El misterio de la Estrella de Belén

La estrella de Belén es uno de los hechos sobrenaturales que encontramos en la vida de Jesús. Se trataba de un objeto luminoso que guió a tres misteriosos reyes magos al lugar donde se encontraba el Mesías.

En la Biblia, se describe como una estrella que se mueve en el cielo, y que se detiene en el preciso lugar donde se hallaba el enviado. Todos sabemos que en realidad no se podría tratar de una estrella. Los soles no se mueven describiendo rápidas y largas trayectorias en el cielo, y más aún, deteniéndose a voluntad como describen los evangelios. Fue así que en el Siglo XVII el astrónomo Alemán Kepler propuso la teoría de la conjunción estelar entre Júpiter y Saturno para explicar el enigma. Esta conjunción ocurrió tres veces en el año 7 antes de Cristo.

Asumiendo que los tres Reyes Magos fuesen astrólogos, esta teoría adquiere fuerza. Júpiter y Saturno representan al “Instructor” y “El Tiempo”. Es decir, la alineación de aquellos planetas sostenía la profecía de la llegada de un enviado, de un señor y maestro del tiempo.

Esta conjunción, además, podría señalar el nacimiento de Cristo siete años antes de lo que se supone.

La explicación la encontramos en dos errores históricos que afectaron nuestro calendario.

El primero, se cometió cuando el emperador Carlomagno dispuso la modificación del calendario con el fin de no tomar como referencia la fundación de Roma, sino el nacimiento del Jesús, fecha que hizo coincidir con la muerte de Herodes el Grande, siendo que ésta, en realidad, tuvo lugar cuatro años después que Jesús llegase al mundo.

El segundo error data de la época del Papa Gregorio. En este caso el calendario sería modificado sin tener en cuenta el censo que Octavio Augusto mandara a realizar en Judea, por lo cual se añadieron tres años a la ya desfasada fecha. Esto quiere decir, que no estamos en el año 2006, sino en el 2013. Y que Jesús, tampoco nació en diciembre.

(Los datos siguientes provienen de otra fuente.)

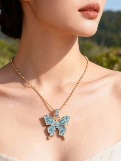 1件复古百搭优雅宫廷风田园甜美低饱和度蝴蝶吊坠项链 - 淺藍色 - 查看 1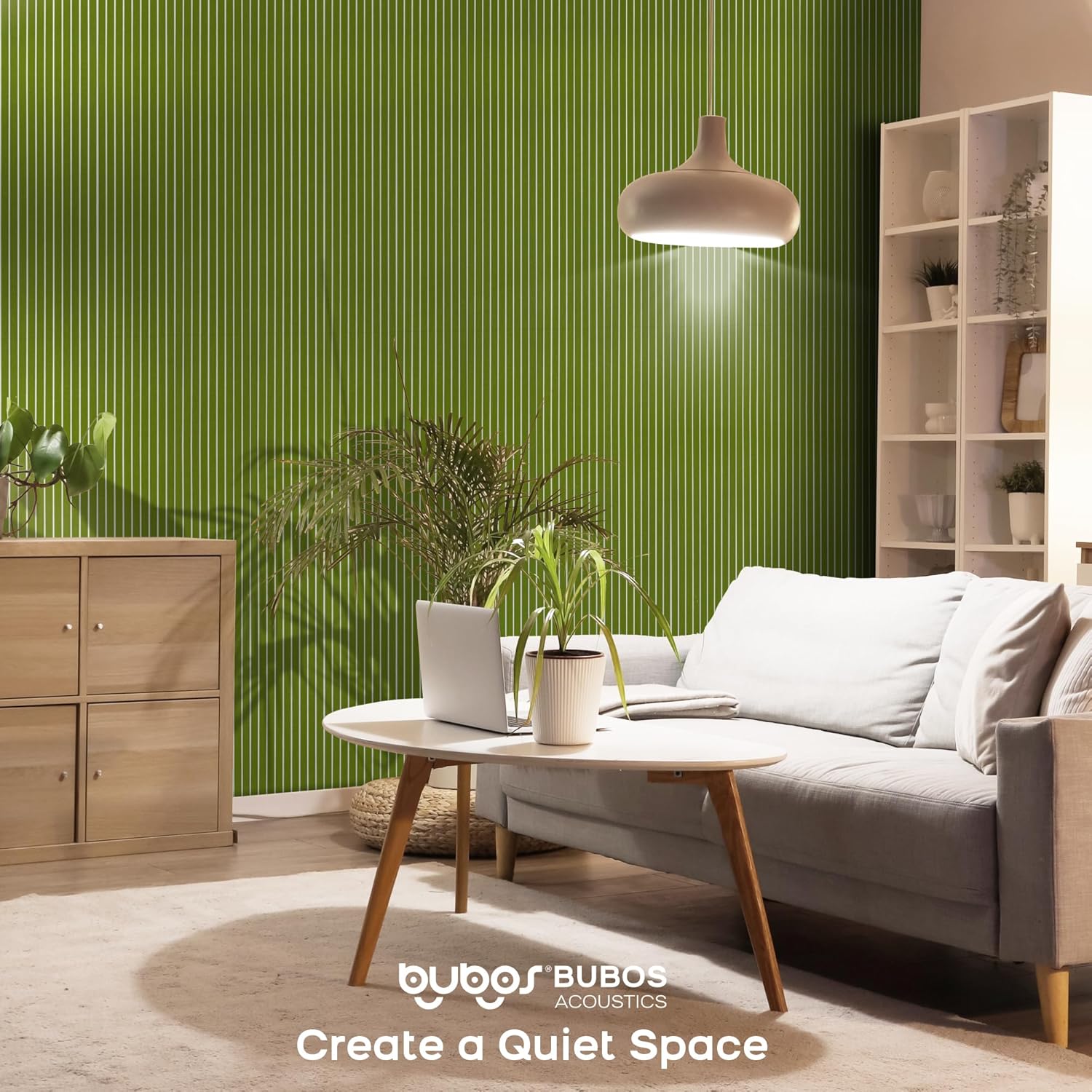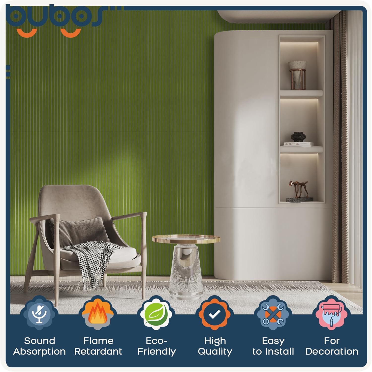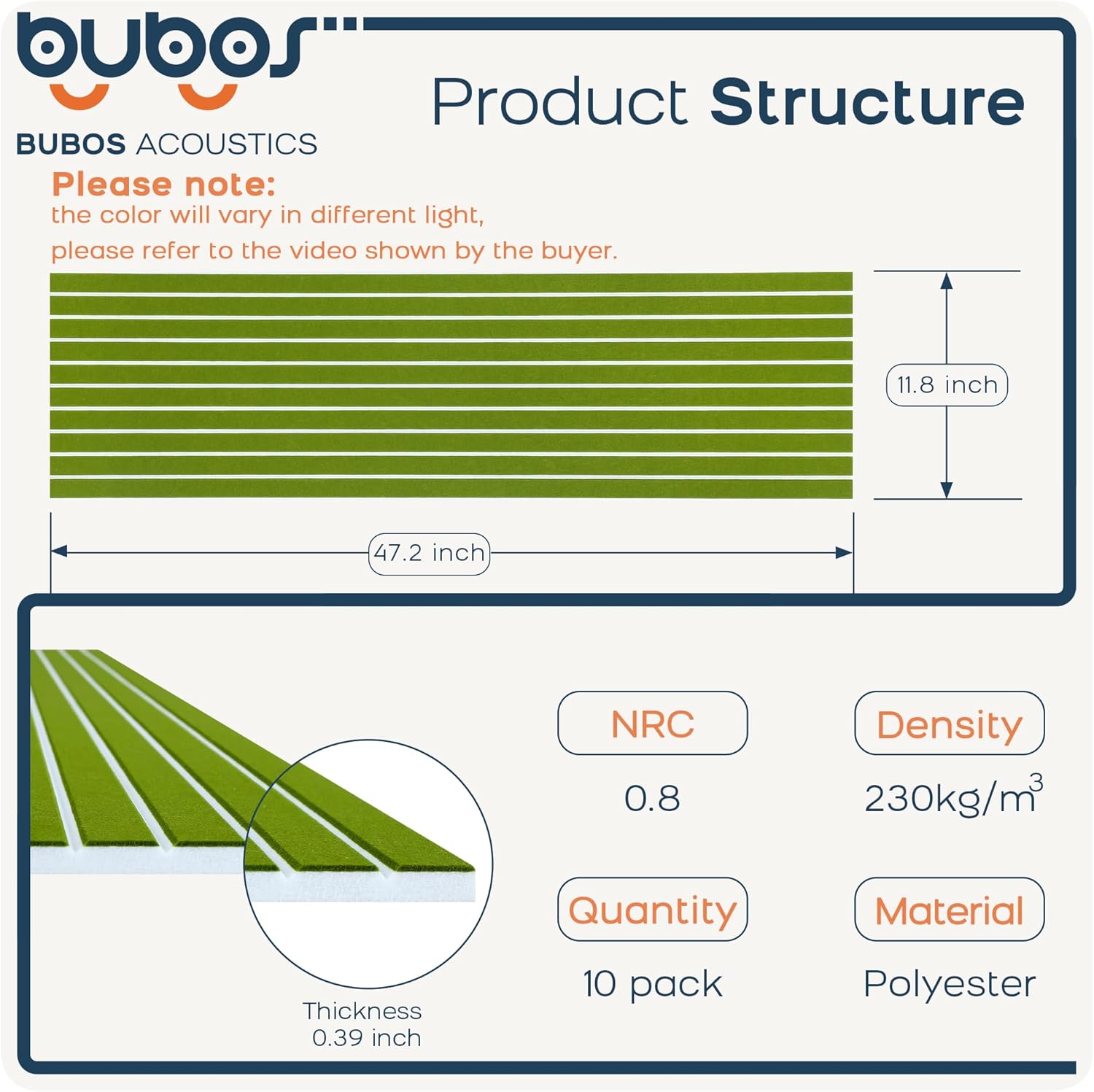 BUBOS 10 Pack Large Acoustic Panels, 48"X 12"X 0.4" Sound Proof Panels for Walls,Decorative Self-Adhesive Acoustical Wall Panels,3D Slat Sound Panels for Home Office Studio (Green 01)

Está demostrado que en el 25 de diciembre se celebraba en Roma la fiesta pagana del Sol, o Sol Invictus, ocasión en que se hacían regalos a los niños y se decoraban los árboles. Al convertirse el imperio romano al cristianismo, para no perder la costumbre de celebrar esa fecha y al desconocer el día exacto del nacimiento de Jesús, se fundieron las costumbres.

Jesús, además, no podía haber nacido en diciembre, pues en ese mes la antigua Palestina es muy fría como para sacar a los rebaños a pastar, tal como lo sostienen los evangelios.

El día que nació de Cristo

Supuestamente, Jesús debería haber nacido el 19 de marzo del año 7 antes de nuestra Era. La conjunción más importante ocurrió en aquella fecha, y así está registrada en la antigua escuela astronómica de Sipar en Babilonia. Y sin duda, aquel mes es un momento más propicio para sacar a pastar al ganado.

Como fuere, independientemente de la conjunción, hay otras teorías para la estrella de Belén. Desde una supernova —no hace falta analizar este argumento tan peregrino— a un avistamiento ovni, pues aquel objeto luminoso se mueve y se detiene en el cielo. Pero, ¿quién volaba en aquella época?

Lo cierto es que algo extraordinario ocurrió, y marcaba el nacimiento de un enviado del cielo. Un enviado, que muchos aguardaban. Desde los Esenios de Qumran hasta los misteriosos Reyes Magos, que no pocos identifican como emisarios de la legendaria Hermandad Blanca.